What you need to do:
From the line containing "面對外界質疑,邊策母親連夜發文提問。" to the line containing "house' flag is" in the entries below, reproduce every line exactly, ends included. Nothing else belongs in the copy, and no pictures.

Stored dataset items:
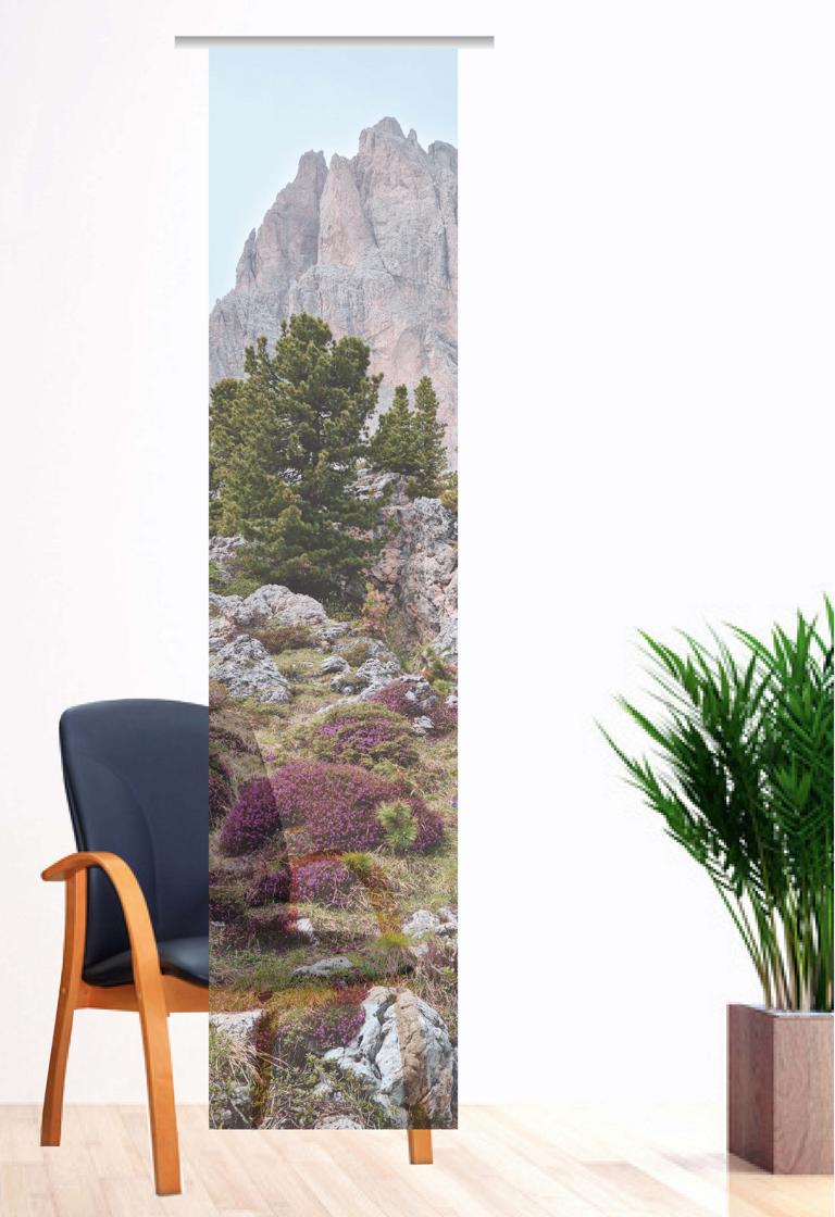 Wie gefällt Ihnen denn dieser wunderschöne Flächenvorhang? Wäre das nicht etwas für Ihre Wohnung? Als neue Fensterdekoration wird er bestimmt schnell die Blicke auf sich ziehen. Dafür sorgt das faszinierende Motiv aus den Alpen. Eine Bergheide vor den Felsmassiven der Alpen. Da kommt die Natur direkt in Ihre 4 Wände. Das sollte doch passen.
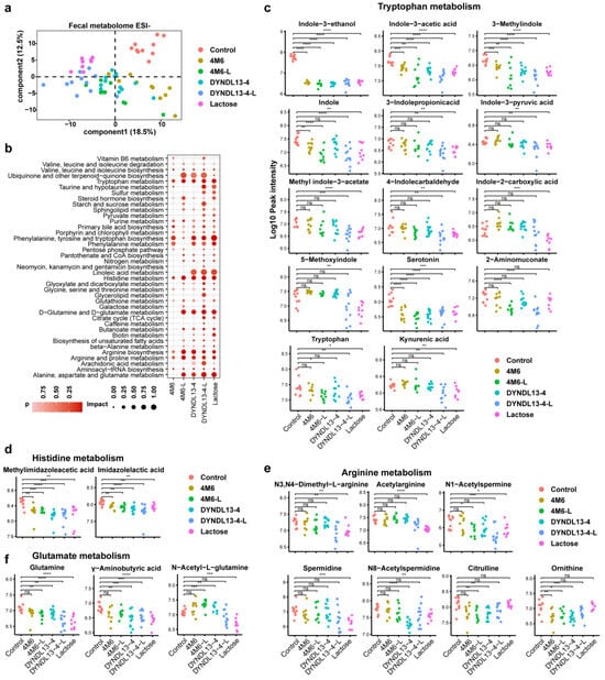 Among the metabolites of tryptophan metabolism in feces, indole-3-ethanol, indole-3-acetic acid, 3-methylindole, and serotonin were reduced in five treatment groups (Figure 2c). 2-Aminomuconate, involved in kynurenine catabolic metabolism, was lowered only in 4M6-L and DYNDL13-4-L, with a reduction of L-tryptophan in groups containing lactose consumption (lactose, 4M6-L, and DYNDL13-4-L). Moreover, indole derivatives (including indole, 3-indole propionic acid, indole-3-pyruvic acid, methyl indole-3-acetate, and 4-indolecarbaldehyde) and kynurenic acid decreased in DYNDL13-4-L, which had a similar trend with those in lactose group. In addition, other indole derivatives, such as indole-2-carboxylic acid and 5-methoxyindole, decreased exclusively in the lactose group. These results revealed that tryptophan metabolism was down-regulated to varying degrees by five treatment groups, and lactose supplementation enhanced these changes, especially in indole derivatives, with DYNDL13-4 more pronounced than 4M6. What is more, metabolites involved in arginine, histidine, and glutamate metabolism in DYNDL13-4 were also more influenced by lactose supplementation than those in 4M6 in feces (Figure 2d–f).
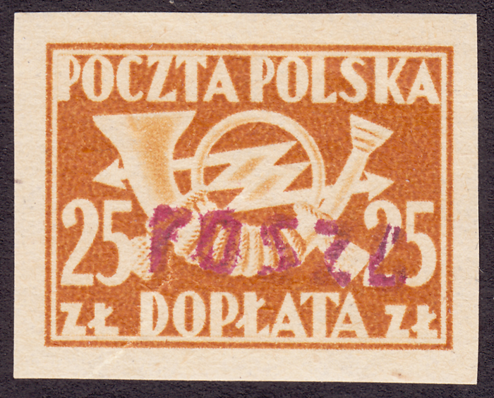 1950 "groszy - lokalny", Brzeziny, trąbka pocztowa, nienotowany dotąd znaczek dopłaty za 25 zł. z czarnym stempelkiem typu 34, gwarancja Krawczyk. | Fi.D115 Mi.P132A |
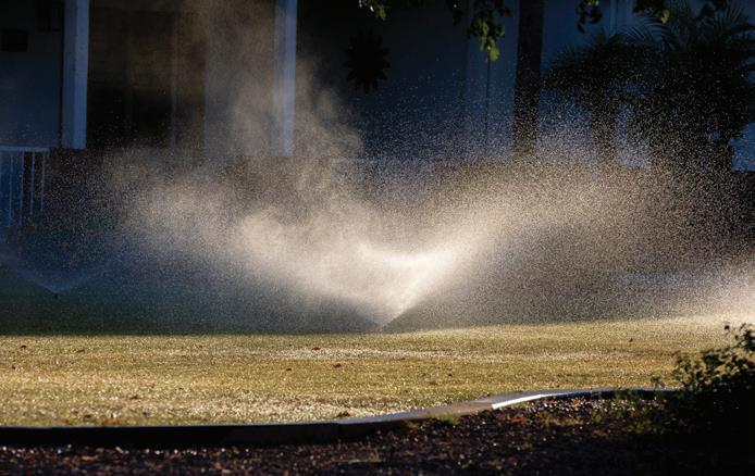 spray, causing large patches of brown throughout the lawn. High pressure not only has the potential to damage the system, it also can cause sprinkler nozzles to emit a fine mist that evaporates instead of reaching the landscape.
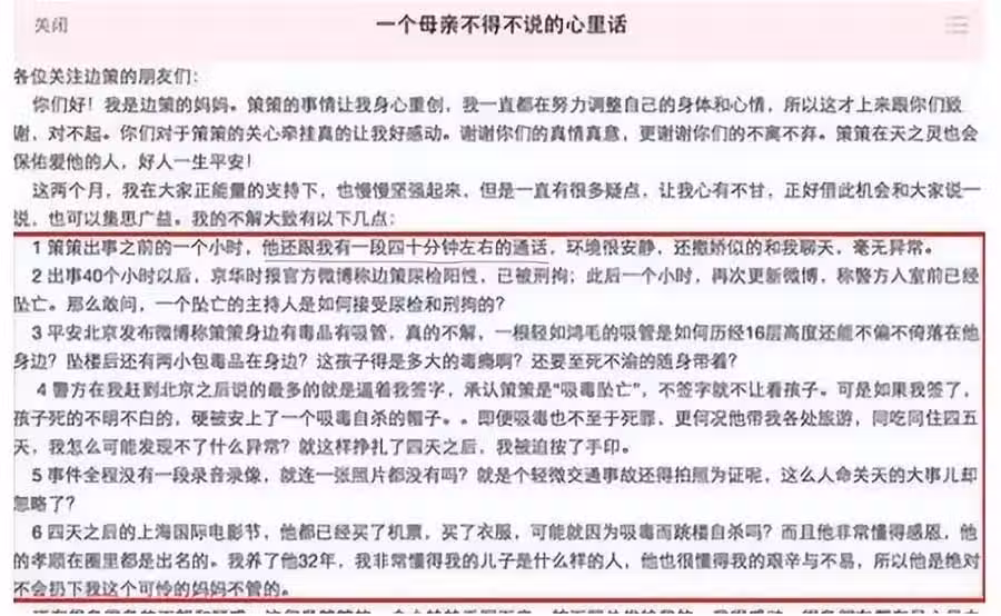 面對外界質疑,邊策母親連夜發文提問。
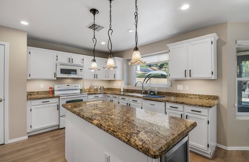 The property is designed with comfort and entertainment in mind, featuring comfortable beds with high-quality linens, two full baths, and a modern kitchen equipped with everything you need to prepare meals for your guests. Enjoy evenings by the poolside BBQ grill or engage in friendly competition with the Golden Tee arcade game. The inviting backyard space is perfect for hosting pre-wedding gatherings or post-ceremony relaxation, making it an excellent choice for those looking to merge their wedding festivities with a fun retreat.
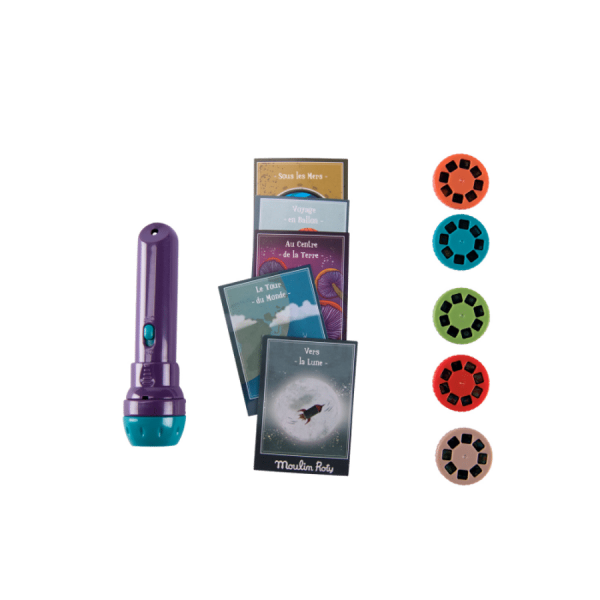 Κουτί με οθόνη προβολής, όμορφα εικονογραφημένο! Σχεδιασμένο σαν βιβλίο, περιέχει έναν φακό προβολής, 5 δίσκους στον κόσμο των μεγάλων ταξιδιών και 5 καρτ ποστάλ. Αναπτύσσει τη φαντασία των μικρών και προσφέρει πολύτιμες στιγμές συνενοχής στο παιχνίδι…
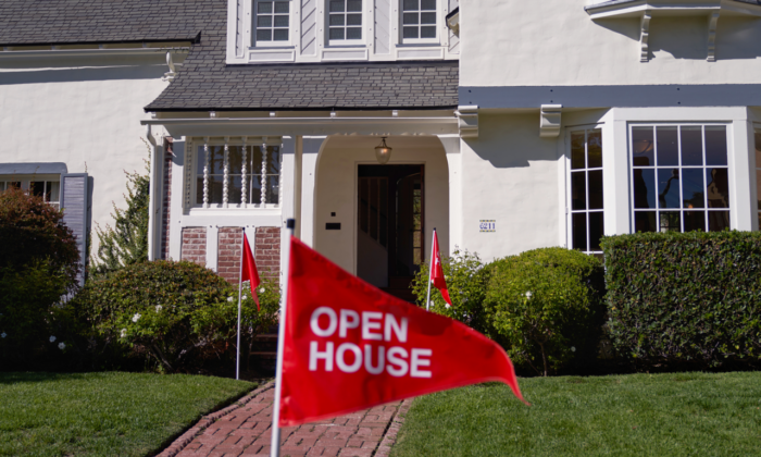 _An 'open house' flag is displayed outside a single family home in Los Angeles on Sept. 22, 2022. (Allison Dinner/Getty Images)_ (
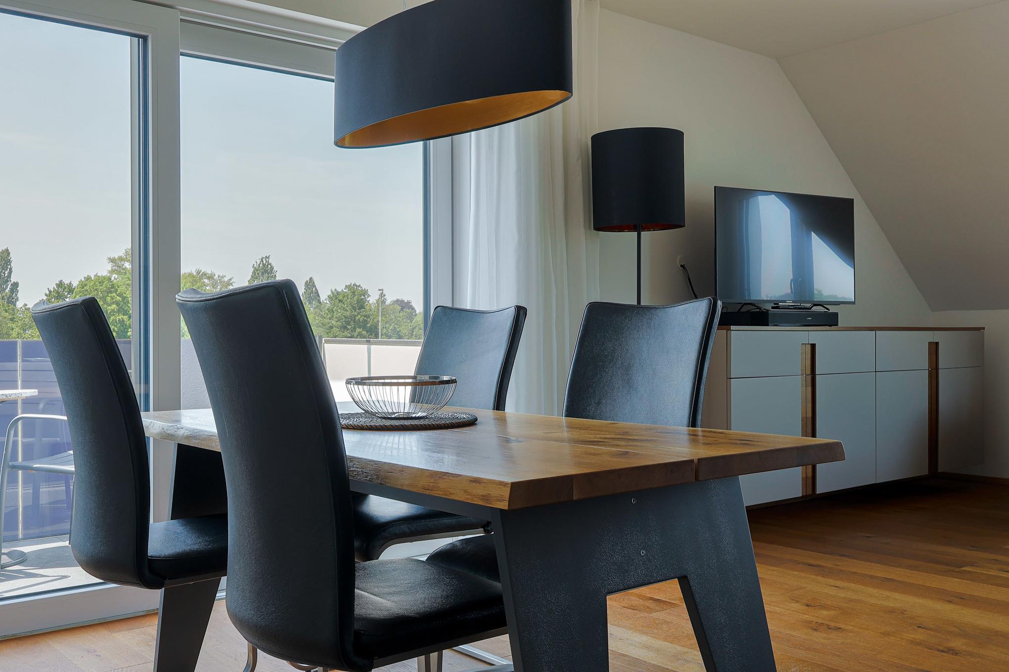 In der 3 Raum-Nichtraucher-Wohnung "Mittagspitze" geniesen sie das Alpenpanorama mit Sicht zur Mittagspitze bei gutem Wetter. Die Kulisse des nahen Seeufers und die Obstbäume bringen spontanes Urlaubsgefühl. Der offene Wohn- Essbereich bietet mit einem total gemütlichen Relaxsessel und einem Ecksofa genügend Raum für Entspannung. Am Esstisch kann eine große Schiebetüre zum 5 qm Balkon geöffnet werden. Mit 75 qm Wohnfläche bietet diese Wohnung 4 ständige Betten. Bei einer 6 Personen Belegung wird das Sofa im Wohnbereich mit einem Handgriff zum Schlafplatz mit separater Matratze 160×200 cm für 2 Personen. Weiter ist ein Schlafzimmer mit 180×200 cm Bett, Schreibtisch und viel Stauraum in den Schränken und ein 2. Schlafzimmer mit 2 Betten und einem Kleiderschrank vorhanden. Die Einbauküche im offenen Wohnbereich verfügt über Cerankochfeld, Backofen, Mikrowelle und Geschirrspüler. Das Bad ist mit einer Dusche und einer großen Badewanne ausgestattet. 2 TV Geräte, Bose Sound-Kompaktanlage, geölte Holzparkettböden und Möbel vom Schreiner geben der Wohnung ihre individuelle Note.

Result for this task:
 面對外界質疑,邊策母親連夜發文提問。
 The property is designed with comfort and entertainment in mind, featuring comfortable beds with high-quality linens, two full baths, and a modern kitchen equipped with everything you need to prepare meals for your guests. Enjoy evenings by the poolside BBQ grill or engage in friendly competition with the Golden Tee arcade game. The inviting backyard space is perfect for hosting pre-wedding gatherings or post-ceremony relaxation, making it an excellent choice for those looking to merge their wedding festivities with a fun retreat.
 Κουτί με οθόνη προβολής, όμορφα εικονογραφημένο! Σχεδιασμένο σαν βιβλίο, περιέχει έναν φακό προβολής, 5 δίσκους στον κόσμο των μεγάλων ταξιδιών και 5 καρτ ποστάλ. Αναπτύσσει τη φαντασία των μικρών και προσφέρει πολύτιμες στιγμές συνενοχής στο παιχνίδι…
 _An 'open house' flag is displayed outside a single family home in Los Angeles on Sept. 22, 2022. (Allison Dinner/Getty Images)_ (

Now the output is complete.